Orthopaedic Specialist? Or English Teacher?
Have you ever been corrected of your English grammar with each word that comes out from your mouth? Ever felt that each word you say is like a joke to others? If you've never experienced such situations before, break a femur, get yourself admitted into Orthopaedic Ward of Seremban General Hospital, get yourself a traction, lay back, relax and watch us medical students gunned down one by one by our good' ol' Prof. He stresses more on our grammars rather than the broken bones. Here's few of my favourite quotes:
Zeek: Patient was admited for a left tibial fracture and concussion over the head...
Prof: What??! You mean the concussion is hovering above the head?! ALL you medical students, *mumbles* "concussion in the head, on the head, outside the head" *mumbles*, I'm just so shocked!
Gene: The patient accidentally flung her wrist onto the basin...
Prof: What??! You mean she took out her own wrist and threw it at the basin? *laughs to himself*
Prof: Is this a fair statement or not? Fair or not? (This sentence comes almost immediately after he corrects our grammar.
Me: Madam P. is a 37 year old woman was admitted into...
Prof: Why do medical students like to be soooo repetitive? Madam... woman... so I assume that you`WILL mention that she has breasts too?
(Zeeks looks at the patient's chest)
Zeek: They then did a... (was refering to the patient's fracture management)
Prof: They, they, they... you know what's "they?" JAAARGONS... jargons that medical students that are so prone to using.
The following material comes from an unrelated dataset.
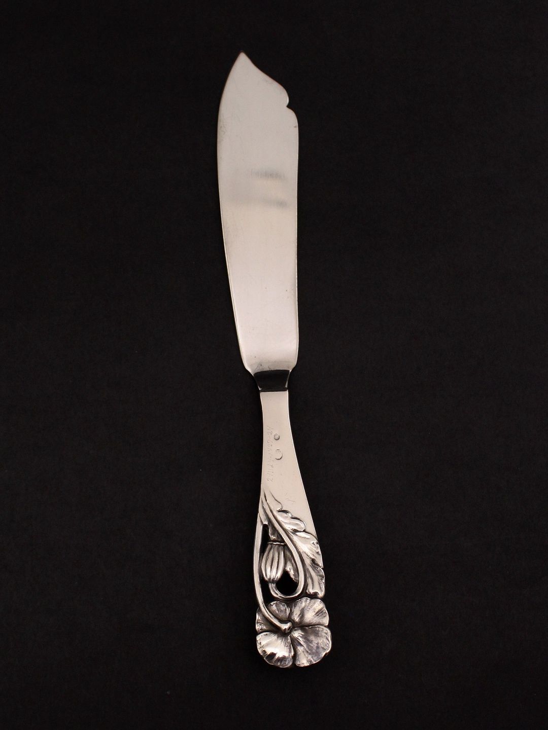 Kage/bryllups kniv 26,5 cm. stål og tretårnet sølv emne nr. 526967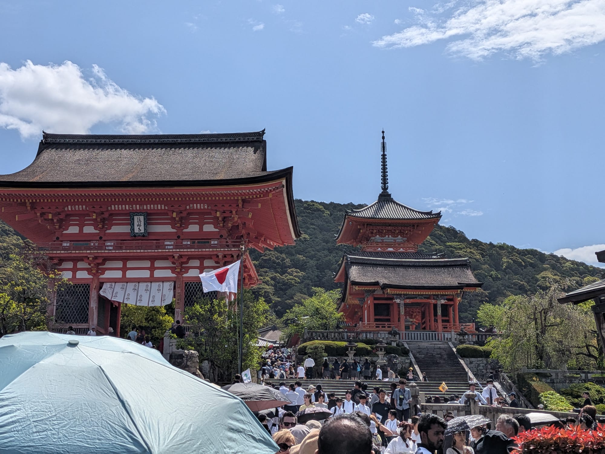 Danach ging es weiter zum Kiyomizu-dera, einer weitläufigen Tempelanlage im Osten Kyotos, die vor allem für ihre große Haupthalle und Terrasse bekannt ist, auf einer enormen Holzkonstruktion an einen Hang gebaut wurde.

I'm shocked!
Anonymous: The patient was knocked by a car and flew across the road.
Prof: Flew? Evolution? When did human start to fly? It's thrown... not fly... my gosh.
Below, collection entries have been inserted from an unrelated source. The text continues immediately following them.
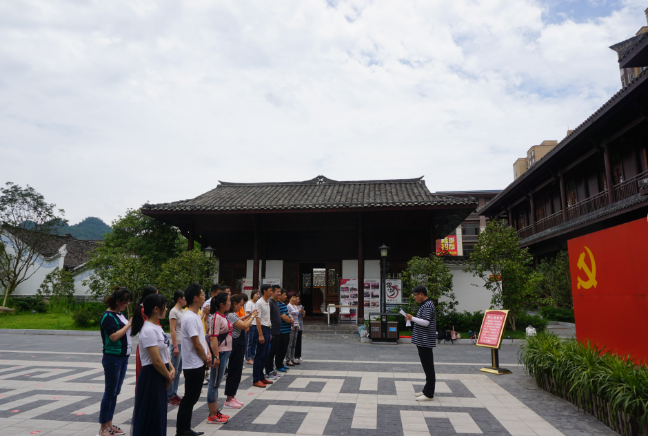 参观结束后,在邓恩铭故居陈列馆前全体党员面向党旗,重温了入党誓词领誓。党支部书记王钢给全体党员上了一堂微党课,他从党的一大13名代表的不同人生谈起,进而联系到共产党人的初心,守住初心,指出对于革命者,对于共产党员来说是至关重要。中国共产党能够取得一个又一个的胜利,正是因为有着对初心的坚守。并对党员提出,希望通过这次参观学习,能够深刻领悟共产党人的初心,传承红色基因,以强烈的责任感和使命感,投入到学校的改革发展建设之中去,为学校的发展、为师生的发展,做出自己应有的贡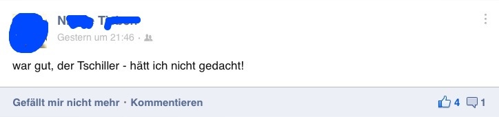 Bisher bot sich jeden Sonntag Abend auf Facebook das gleiche Bild: Tausende kotzten sich über den aktuellen Tatort aus, dem Rest war der Tatort egal. Gestern aber geschah etwas vollkommen Neues: Zwar fanden sich immer noch viele kritische Stimmen, die an Deutlichkeit nichts zu wünschen übrig ließen, aber zum ersten Mal häuften sich auch positive Kommentare und Statusmeldungen. Zum ersten Mal nutze eine bemerkbare Masse von Menschen Facebook, um zu posten, ihnen habe der Tatort gefallen. Der Tatort! Gefallen! Hier mal drei Beispiele aus meinem Freundeskreis: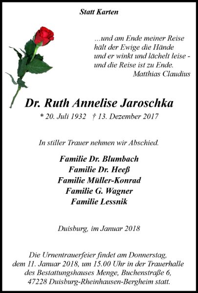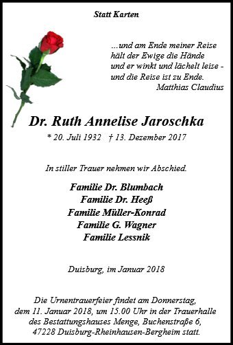 wir wünschen Ihnen für die kommende Zeit viel Kraft und dass es Ihnen gelingt, dankbar auf die positiven Erinnerungen zurückzublicken. Diese Gedenkseite möge Ihnen dabei helfen, Ihre Trauer zu teilen und das Andenken gemeinsam wachzuhalten.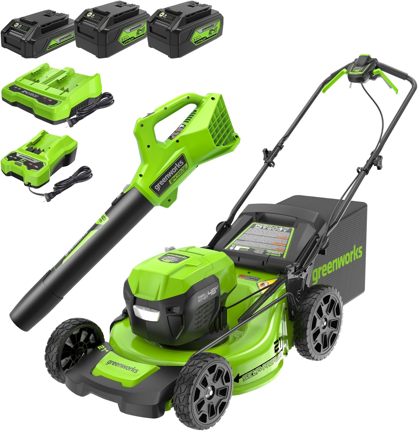 80V 21 Brushless (Self-Propelled) Cordless Electric Lawn Mower + (580 CFM) Axial Leaf Blower (75+ Compatible Tools) 4.0Ah Battery and 60 Minute Rapid Charger Green and Black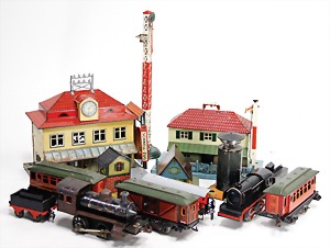 train mixed lot, Bing, Karl Bub and others, 2 stations, house for level crossing attendants, chime, some passenger coaches, 2 tender-locomotives, B-clock mechanism, track material, track 0, used up to stronger used condition, partially with scratches on the paintwork that are caused of old age

Finally before he left us in piece... notice it's not peace... this was his final words of wisdom.
Prof: I was at one of my friend's function. This friend of mine has a 2 year old child... he went to his dad and said this... "PaPa. I like pussy... I want pussy...". I was shocked for approximately 2 seconds.
All of us: 0.o'
Prof: I looked out the door and I saw a cat.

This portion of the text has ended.